The names of the nominees are never publicly announced, and neither are they told that they have been considered for the Prize. Nomination records are sealed for fifty years. In practice some nominees do become known. It is also common for publicists to make such a claim, founded or not.

Tim Lambert
15 years ago

And note further that it isn’t difficult to get nominated — any humanities professor or member of a national assembly can nominate by sending a letter to the Nobel committee.

Ken Miles
15 years ago

And note further that it isnt difficult to get nominated any humanities professor or member of a national assembly can nominate by sending a letter to the Nobel committee.

And one last point, peace prizes tend to be given out shortly after the event (relative to science prizes which have to stand the test of time) so CL should be bitching about people who won the peace prize shortly after WWII, not Al Gore. Irena Sendler had a virtually zero chance of getting the Peace Prize in 2007 irrespective of who else was nominated.

tIm LaMbert
tIm LaMbert
15 years ago

…should be bitching about people who won the peace prize shortly after WWII…

Again, why would I do that when Ms Sendler was only a nominee in 2007, having lived in relative obscurity until a hit-play, ‘Life in a Jar’ (1999), made her work known to the wider world?

And I’m not the one bitching. You, Tim, Gummo and Niall are – remember?

Ken Miles
15 years ago

Again, why would I do that when Ms Sendler was only a nominee in 2007, having lived in relative obscurity until a hit-play, Life in a Jar (1999), made her work known to the wider world?

Can you not read? Or do you just ignore facts which are inconvenient to your cheap idiotic shots? You have no way of knowing that she was nominated only once.

She was obscure enough that she was recognised by Israel in the 1960s. Back then she would have been a much stronger candidate for the Noble – simply because of the passage of time reduces the chance that somebody will get the Peace Nobel.

And Im not the one bitching.
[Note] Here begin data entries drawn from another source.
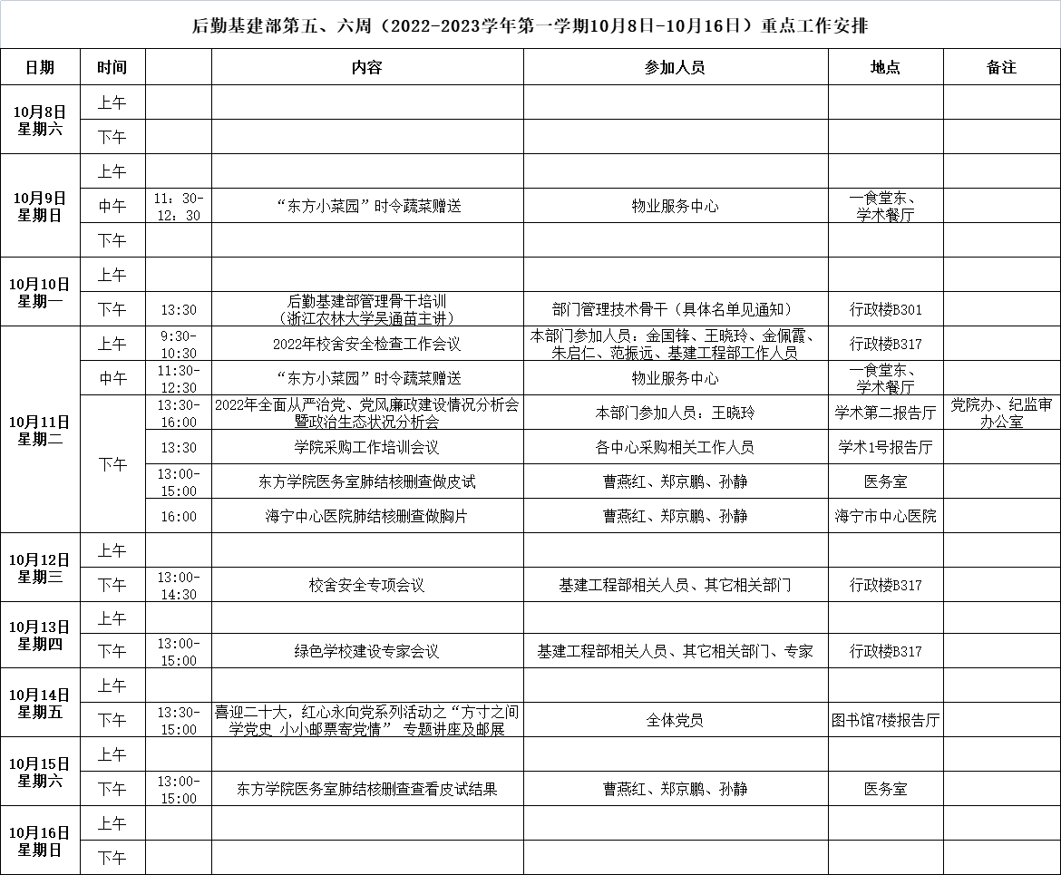 后勤基建部第五、六周(2022-2023学年第一学期10月8日-10月16日)重点工作安排.xls
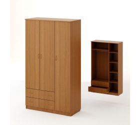 Трехстворчатый шкаф с выдвижными ящиками. Шкаф состоит из трех секций: одна оснащена полкой и штангой, вторая пятью нишами, третья двумя выдвижными ящиками. Такой шкаф идеально подойдет для размещения как одежды и белья, так и постельных принадлежностей.
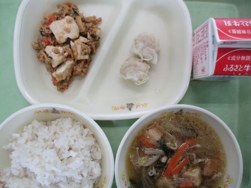 《こんだて》金芽米ごはん 牛乳 えびしゅうまい マーボー豆腐 チンゲンサイともやしのスープ 今日の給食は、チンゲンサイともやしのスープのこんだてです。茨城県は、日本一のチンゲンサイの産地です。今日の給食のように、中華料理でよく使われています。
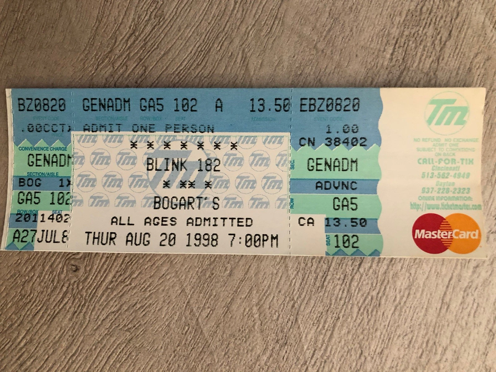 9/24/1998: The band performs at the Newport Music Hall in Columbus, Ohio. Other bands included Unwritten Law and Assorted Jelly Beans. Ticket
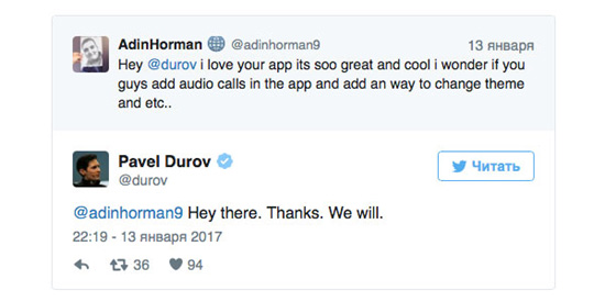 Отвечая на просьбу одного из пользователей добавить голосовые звонки и возможность изменить тему в мессенджере, Дуров ответил «Мы сделаем». Какой-либо точной информации о планах он не предоставил.
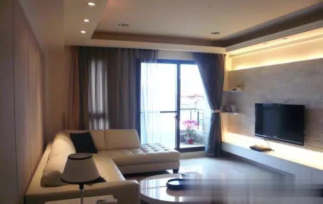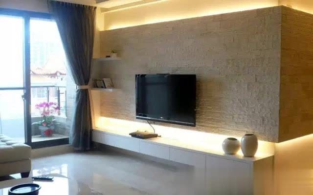 通铺瓷砖,客厅光线极佳,电视墙采用文化石搭配灯带
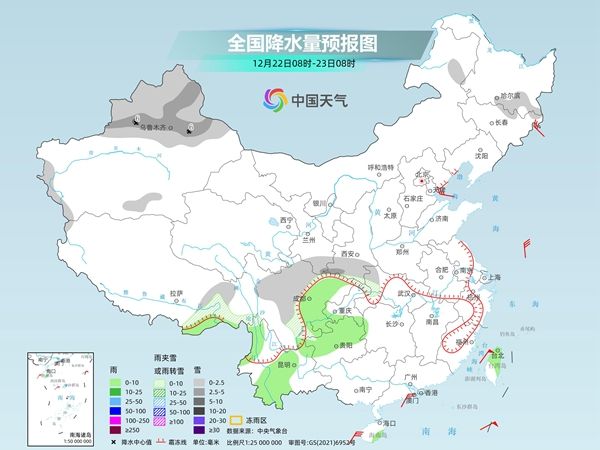 后天,新疆沿天山地区和伊犁河谷、西藏南部和西部等地部分地区有小雪。西南地区东北部、云南东北部、海南岛、台湾岛等地部分地区有小雨,其中,台湾岛中东部和南部等地部分地区有中雨。
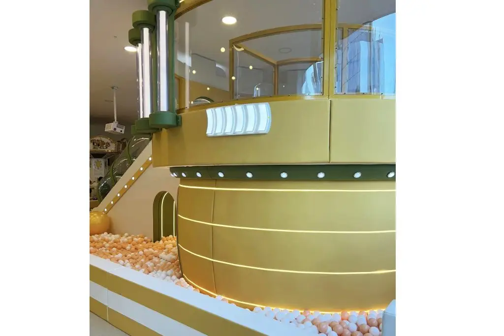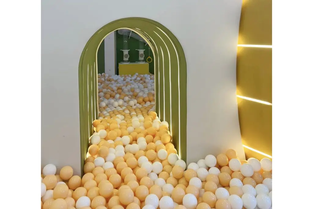 The Billy’s Kids Cafe Indoor Playground uses yellow as the main color and supplements white and green as the secondary colors. In addition, this indoor playground is also designed in the shape of a castle and incorporates some elements related to the design theme, such as city walls, red flags, etc. The application of these factors will make the castle adventure theme more obvious and attract children’s attention so that children can have an immersive and happy amusement experience.
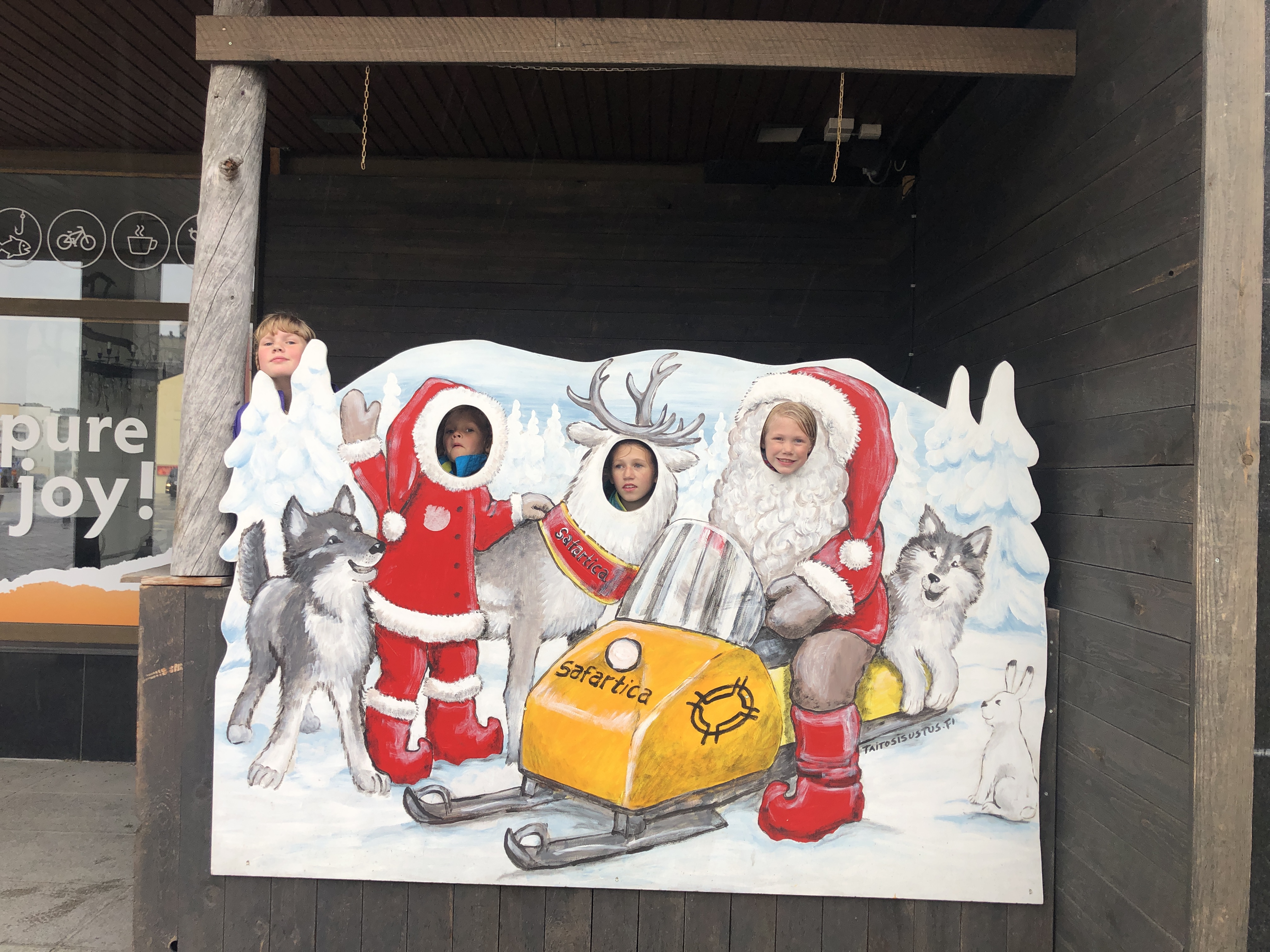 On Wednesday we drove 350 km from Kaamanen to Rovaniemi, Finland. Rovaniemi is a small city of about 53000 people and is the official home of Santa Claus! The city was completely destroyed in WWII and when it was rebuilt, it was designed with input by famous Finnish architect Alvar Aalto, who planned the city’s footprint in the shape of a reindeer’s head, with the city roads forming the antlers and the local sports stadium as the reindeer’s eye. I have to say, there is nothing too impressive about the architecture, but it is nice to be in a city again (last time was Bergen about a month ago) and there is a ton to do. We have been having a lot of fun playing here!
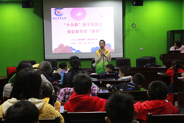 2021年3月20日上午,南岭植物园与郴州市图书馆联合举办活动“举国同庆·建党100周年”——节气之旅·春分;本次活动组织了25组亲子家庭,由郴州市图书馆准备亲子悦读绘本、手工材料包,南岭植物园科普老师廖祯妮主持讲解。活动共有:故事分享、手工制作、药用植物认知三个环节。
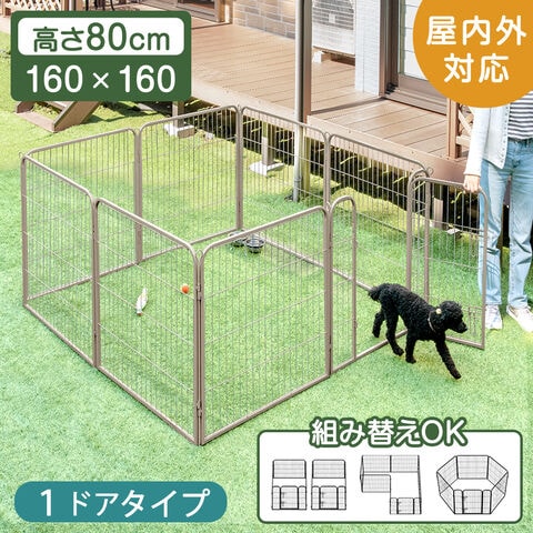 シニア犬も安心 バリアフリー ペットサークル 1ドア ハイタイプ 屋内外兼用 スチール 高さ 80cm ドア ロック ワイド ドッグ 83900001 〔グレージュ〕
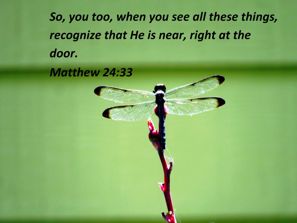 So, you too, when you see all these things, recognize that He is near, right at the door. Matthew 24:33
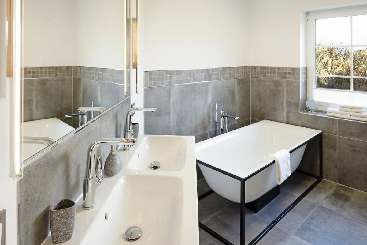 „Sea Breeze“ bietet zwei Schlafzimmer, jeweils mit hochwertigen Boxspring-Doppelbetten (180x200 m und 160x200 m), großzügigen Kleiderschränken und Flatscreens. Das moderne Tageslichtbad verwöhnt mit einer ebenerdigen Dusche und einer Badewanne. Ein zusätzliches Gäste-WC befindet sich direkt im Eingangsbereich der Wohnung.
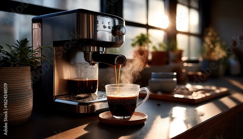 hot drink, machine, espresso, brew, steam, cup, warm, sunlight, window, plant, kitchen, morning, home, drink, dark, brown, glasses, light, modern, still
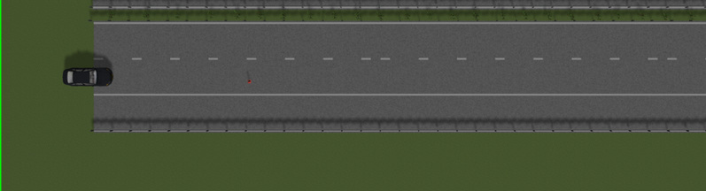 测试道路为双向4车道,中间车道线为白色虚线,测试车辆沿车道线行驶。模拟施工区位于测试车道内测试车前方,接近模拟施工区,预期测试车检测到模拟施工区后,制动停车或减速强制变道进入相邻车道,避让施工区。
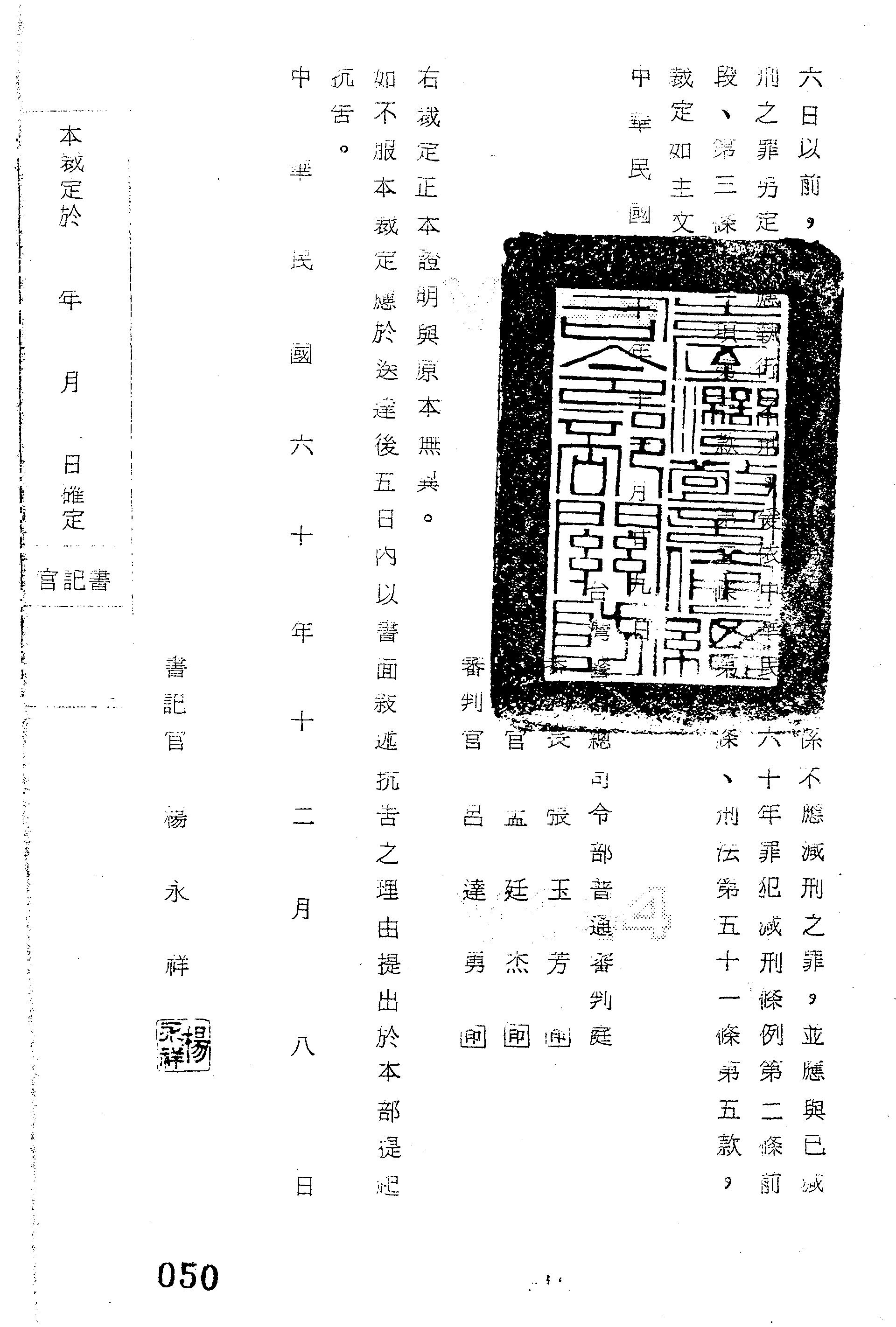 臺灣警備總司令部61年裁減字第0148號裁定書
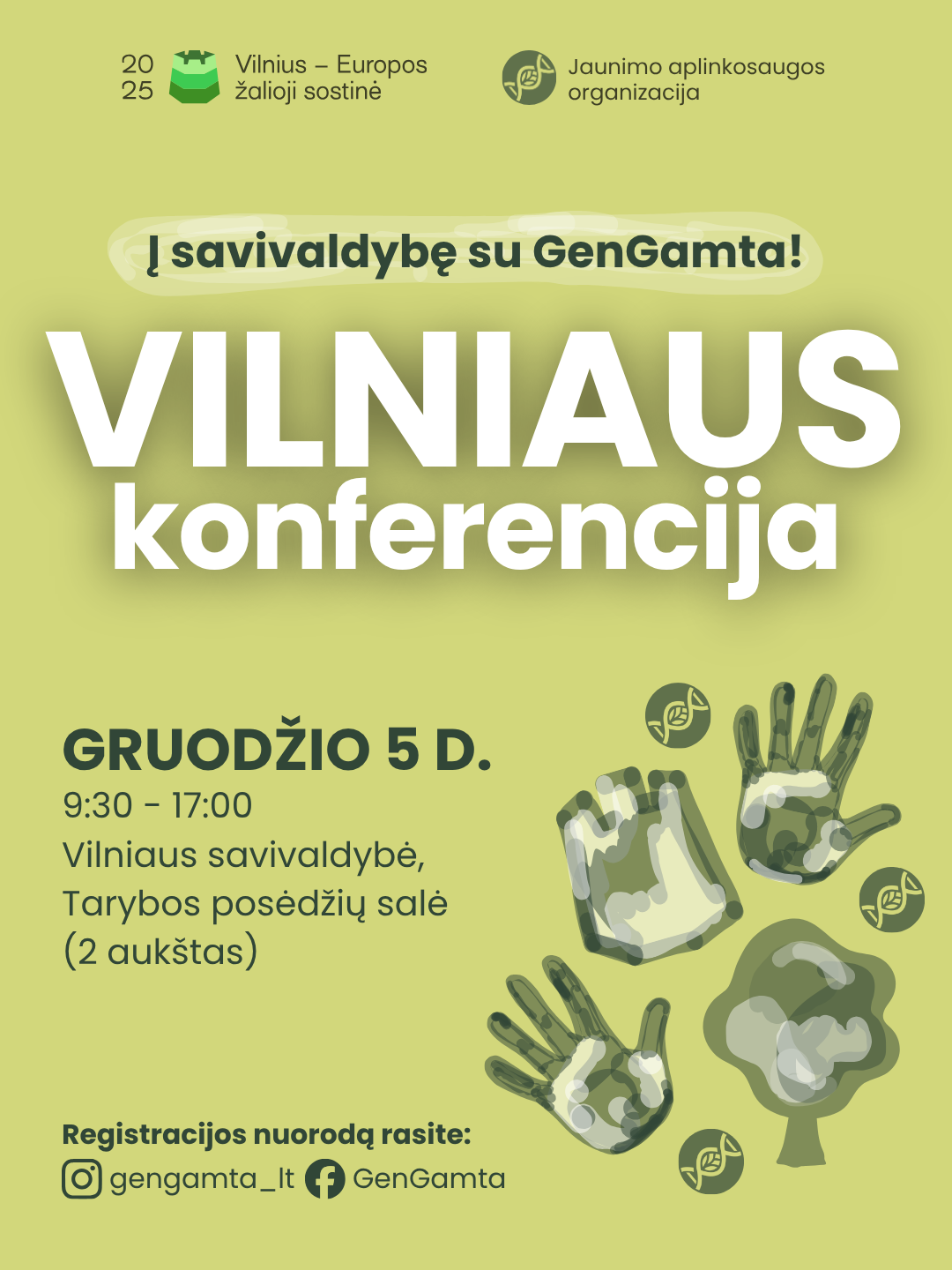 Vilniuje vyko jaunimo konferencija apie miesto tvarumą ir rekomendacijų rengimą Vilniaus miesto savivaldybei. Renginys buvo skirtas 15–25 m. jaunimui ir vyko 2025 m. gruodžio 5 d. Vilniaus m. savivaldybėje. Renginio metu dalyviai sužinojo daugiau apie miesto tvarumą, jo siekimo būdus ir parengė rekomendacijas Vilniaus miesto savivaldybei. Renginį organizavo GenGamta kartu su „Vilnius – Europos žalioji sostinė 2025“.
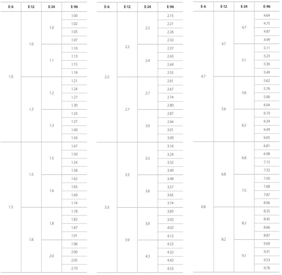 厚聲電阻標(biāo)準(zhǔn)阻值參數(shù)表大全
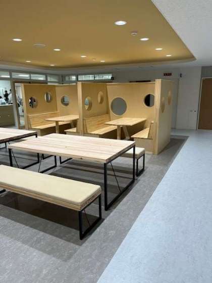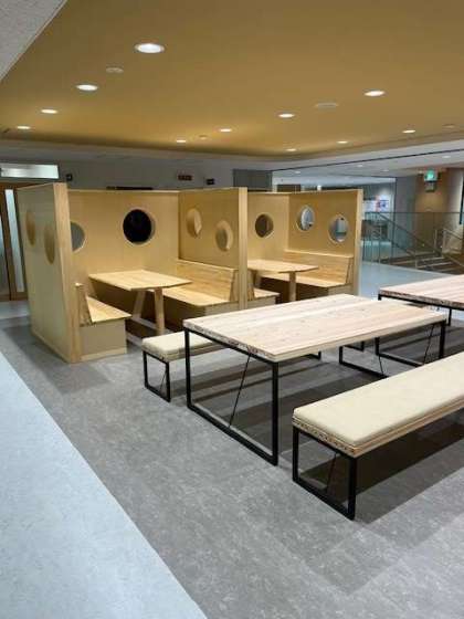 職員室前のワークスペースは大きなベンチや個別ブースが設置されています。
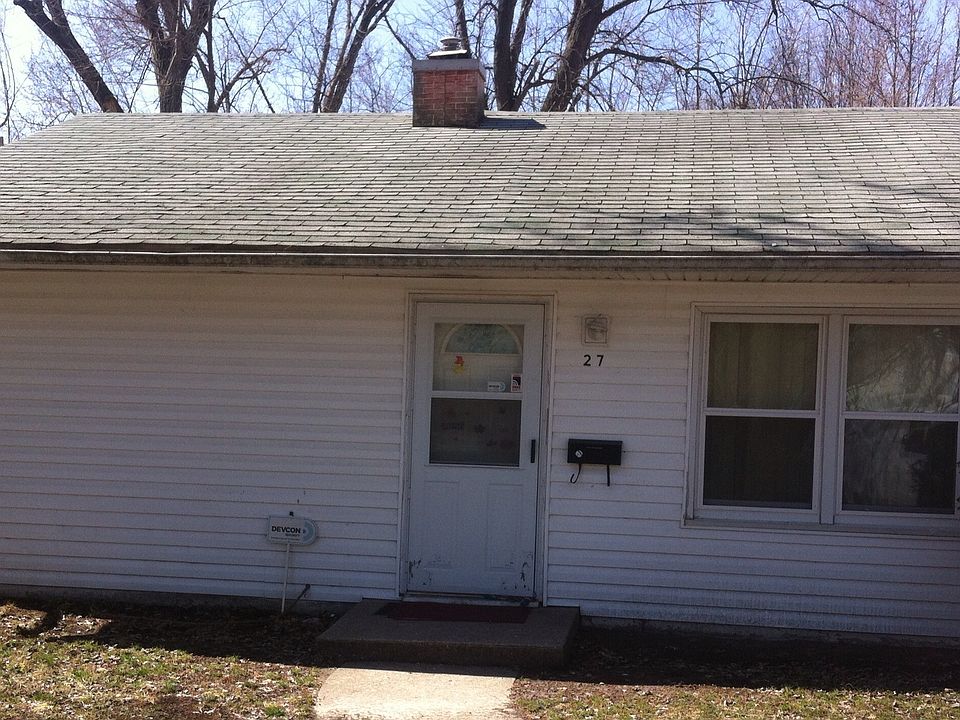 Has a detached garage in the back yard. 2 bedrooms, 1 bath, laundry area, and a large garage
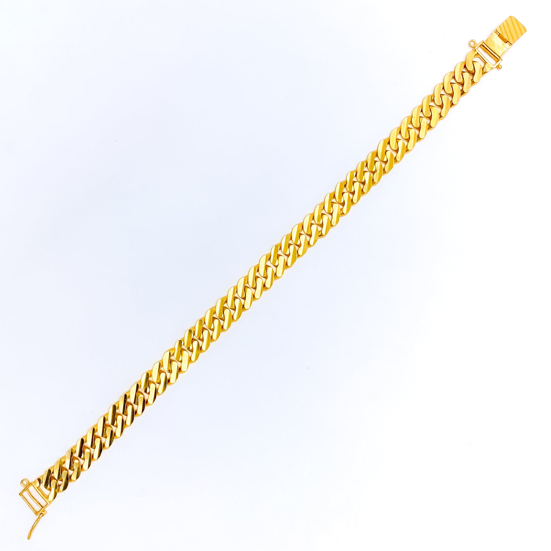 Striking in both form and finish, this 22K gold bracelet features a rich 31.7g weight and an impeccable yellow gold polish. Its upscale design and dual clasp lock ensure both elegance and security. Ideal for those who favor bold yet refined styling. A powerful expression of masculine luxury.

You, Tim, Gummo and Niall are – remember?

Yeah, because it was me, Tim, Gummo and Niall who were using Irena Sendler’s obit to take cheap shots at someone we don’t like.

saint
saint
15 years ago

I had never heard of Irena Sendler until I read C.L.’s post, and I found her story moving, and C.L’s writing exemplary, as always. And yes, I succumbed to the same “narcissism” of which one of you accused C.L.

Frankly, as a long time reader of C.L., I also found gilmae’s editorial comment surprising (C.L. obsessed with Gore??? you want to tell me about invisible pink unicorns again gilmae?) and despite his intentions, and along with some of the comments here, belittling and dismissive of Irena Sendler; let’s not go to some people’s obsession with C.L.

Perhaps some don’t need to succumb to “narcissism” because after all, even a “small effort” seems already beyond them.

Ken Miles
15 years ago

Saint, it’s pretty obvious that C.L. does have Gore on his mind. A quick search through the Catallaxy comments finds him engaging in cheap shots. Even in a obit for Sendler he can’t resist taking a dumb jab.

I don’t understand Gummo’s narcissism comment, but the rest of comments bagging C.L. have been pretty spot on.

Who here has been belittling or dismissive of Irena Sendler?